WORK ORDER: Restate, exactly as written, the entries below from the line that holds "The Autumn Adeigbo" through the line that holds "DUMOS Office Desk". Pictures are not part of the copy.

DATA FOR ANALYSIS:
^^^^

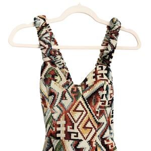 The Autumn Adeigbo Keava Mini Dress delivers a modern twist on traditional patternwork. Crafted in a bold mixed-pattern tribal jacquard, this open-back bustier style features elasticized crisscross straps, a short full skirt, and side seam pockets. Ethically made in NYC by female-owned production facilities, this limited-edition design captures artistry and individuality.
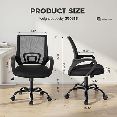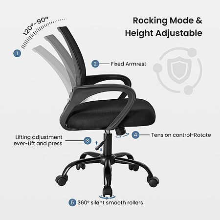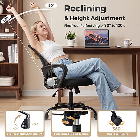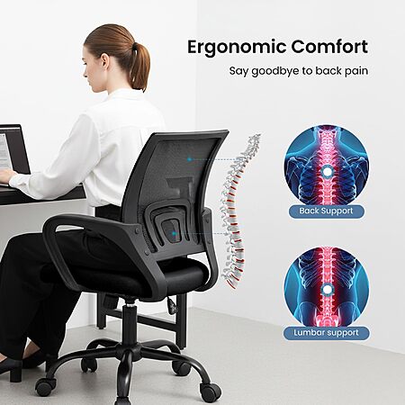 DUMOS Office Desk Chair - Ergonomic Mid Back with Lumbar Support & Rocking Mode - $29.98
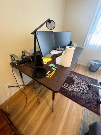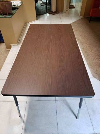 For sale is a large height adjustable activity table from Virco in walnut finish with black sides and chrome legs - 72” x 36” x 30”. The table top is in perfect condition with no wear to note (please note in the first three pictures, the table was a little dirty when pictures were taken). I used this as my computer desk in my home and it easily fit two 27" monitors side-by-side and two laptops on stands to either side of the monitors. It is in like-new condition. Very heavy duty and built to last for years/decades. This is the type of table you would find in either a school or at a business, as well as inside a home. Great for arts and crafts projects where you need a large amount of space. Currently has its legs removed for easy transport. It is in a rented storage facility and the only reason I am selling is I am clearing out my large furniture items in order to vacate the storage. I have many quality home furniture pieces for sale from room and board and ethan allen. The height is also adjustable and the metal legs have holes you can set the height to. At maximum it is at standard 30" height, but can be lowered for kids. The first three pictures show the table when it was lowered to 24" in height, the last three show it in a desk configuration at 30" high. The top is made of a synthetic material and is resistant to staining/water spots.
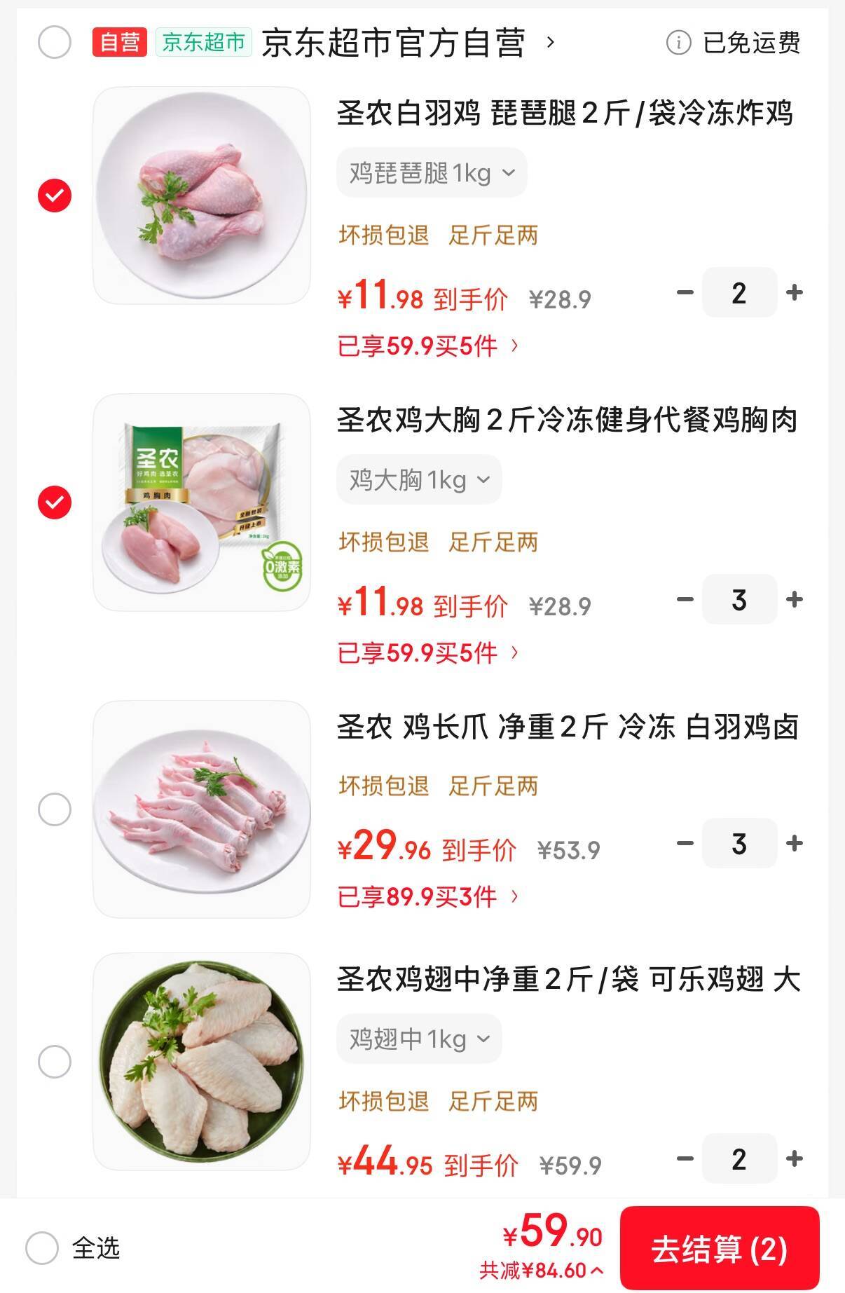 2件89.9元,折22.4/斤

^^^^

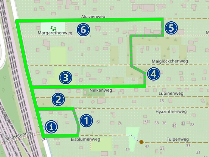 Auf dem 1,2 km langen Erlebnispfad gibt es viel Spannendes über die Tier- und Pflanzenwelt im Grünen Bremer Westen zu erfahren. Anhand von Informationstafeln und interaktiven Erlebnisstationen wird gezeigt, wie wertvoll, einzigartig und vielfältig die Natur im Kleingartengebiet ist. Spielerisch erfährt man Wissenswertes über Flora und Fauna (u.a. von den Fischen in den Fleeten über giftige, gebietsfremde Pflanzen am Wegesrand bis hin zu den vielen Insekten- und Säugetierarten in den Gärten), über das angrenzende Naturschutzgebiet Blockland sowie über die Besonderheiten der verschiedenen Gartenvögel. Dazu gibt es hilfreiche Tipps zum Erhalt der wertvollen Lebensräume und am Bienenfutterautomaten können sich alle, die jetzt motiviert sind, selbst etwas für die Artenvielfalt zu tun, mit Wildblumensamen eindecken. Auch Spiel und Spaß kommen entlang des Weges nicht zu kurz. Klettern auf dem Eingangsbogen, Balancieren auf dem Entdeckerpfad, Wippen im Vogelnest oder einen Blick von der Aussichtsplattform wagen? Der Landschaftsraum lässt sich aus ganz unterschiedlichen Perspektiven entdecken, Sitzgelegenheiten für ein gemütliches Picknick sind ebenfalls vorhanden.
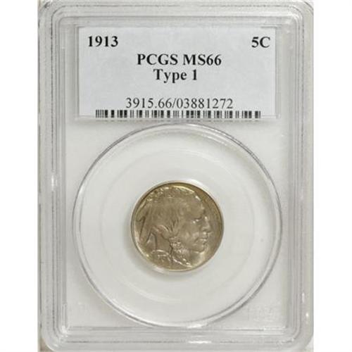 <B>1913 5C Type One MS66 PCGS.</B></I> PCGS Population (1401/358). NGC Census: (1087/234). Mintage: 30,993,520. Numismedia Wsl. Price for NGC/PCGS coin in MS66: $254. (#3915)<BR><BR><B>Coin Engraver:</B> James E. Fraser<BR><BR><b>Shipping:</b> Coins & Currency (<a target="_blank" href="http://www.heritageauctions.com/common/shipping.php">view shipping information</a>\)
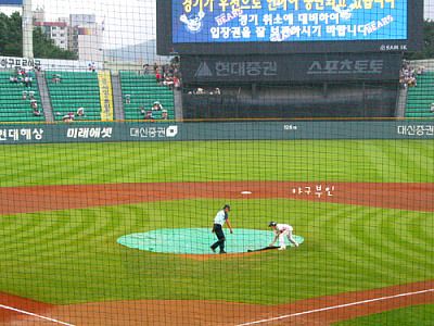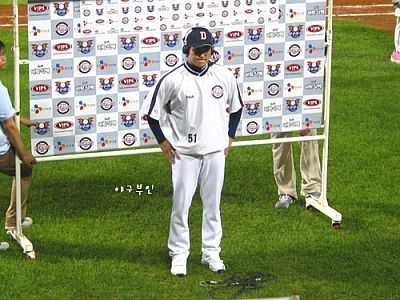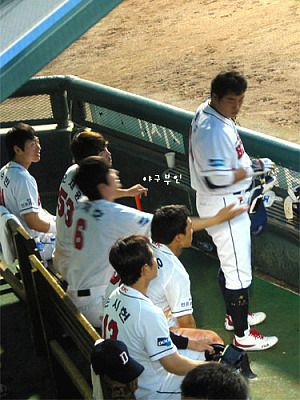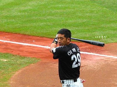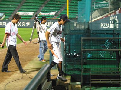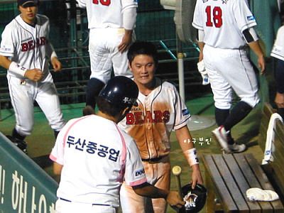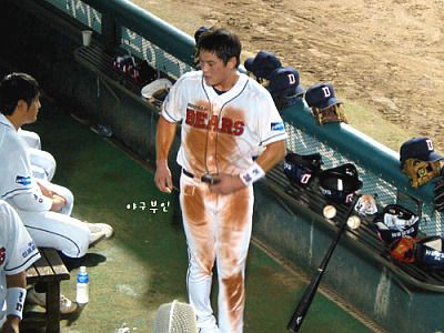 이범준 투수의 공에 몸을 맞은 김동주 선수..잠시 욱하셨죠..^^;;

^^^^

WRITTEN ANSWER:
 The Autumn Adeigbo Keava Mini Dress delivers a modern twist on traditional patternwork. Crafted in a bold mixed-pattern tribal jacquard, this open-back bustier style features elasticized crisscross straps, a short full skirt, and side seam pockets. Ethically made in NYC by female-owned production facilities, this limited-edition design captures artistry and individuality.
 DUMOS Office Desk Chair - Ergonomic Mid Back with Lumbar Support & Rocking Mode - $29.98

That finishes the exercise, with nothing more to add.